Ion-exchange experiments and RbSr dating on celadonites from the Troodos ophiolite, Cyprus

RbSr dating of celadonites from several geographic/stratigraphic locations from the Troodos ophiolite, Cyprus, yield crystallization ages varying between 57.9 ± 3.9 and 89.0 ± 1.9 Ma. The oldest celadonite age (89.0 ± 1.9 Ma) agrees well with the crystallization age of the Troodos igneous complex suggesting that low-temperature chemical exchange with seawater started immediately after formation of the ophiolite. Drillcore samples suggest a duration of low-temperature alteration of ca. 10 Ma, whereas outcrop samples yield much longer durations of ≥ 30 Ma. The exact reason for this discrepancy is not fully understood, but may represent the difference in localized downwelling in different parts of the ophiolite, or may be related to the extensive weathering of the upper extrusive suite. Additionally, in nearly all cases RbSr age estimates are older than KAr age data from the same samples. To evaluate the potential disturbances of RbSr isotope systematics from exchangeable interlayer and basal surface positions, a series of ion exchange experiments was carried out.
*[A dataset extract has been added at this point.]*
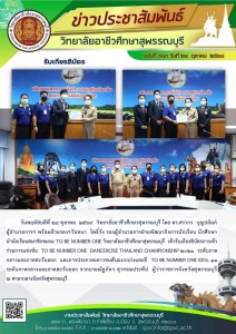 วันพฤหัสบดีที่ ๔ พฤศจิกายน ๒๕๖๔ วิทยาลัยอาชีวศึกษาสุพรรณบุรี โดย ดร.ศรากร บุญปถัมภ์ ผู้อำนวยการฯ ร่วมพิธีเปิดงาน โครงการอบจ.สุพรรณบุรี TO BE NUMBER ONE กิจ กรรม TO BE NUMBER ONE TEEN DANCERCISE SUPHANBURE CHAMPIONSHIP ๒๐๒๒ โดยนางวันทนา โพธิ์รัง รองผู้อำนวยการฝ่ายพัฒนากิจการนักเรียน นักศึกษา พร้อมด้วยคณะครู นำนักเรียน นักศึกษา เข้าร่วมการแข่งขัน ณ องค์การบริหาร ส่วนจังหวัดสุพรรณบุรี โดยได้รับรางวัลรองชนะเลิศอันดับ ๑ เป็นตัวแทนจังหวัดสุพรรณบุรีเข้าร่วมการแข่งขัน ในระดับภาคกลางและภาคตะวันออก ระหว่างวันที่ ๑9-๑๒ รันวาคม ๒๕๖๔ ณ จังหวัดชลบุรี

These data show that significant amounts of Rb and Sr can be in exchangeable positions, and therefore a fraction of the parent and daughter inventory of these clays is vulnerable to late-stage chemical exchange. However, the overall agreement between the data of the whole mineral, and ion-exchanged clay separates suggests that the influence of this exchange on the RbSr isotopic system is minor. The post-crystallization chemical behavior of exchangeable K and Ar was not evaluated, but the loss of radiogenic argon from exchangeable sites could result in KAr ages younger than RbSr ages of the same sample.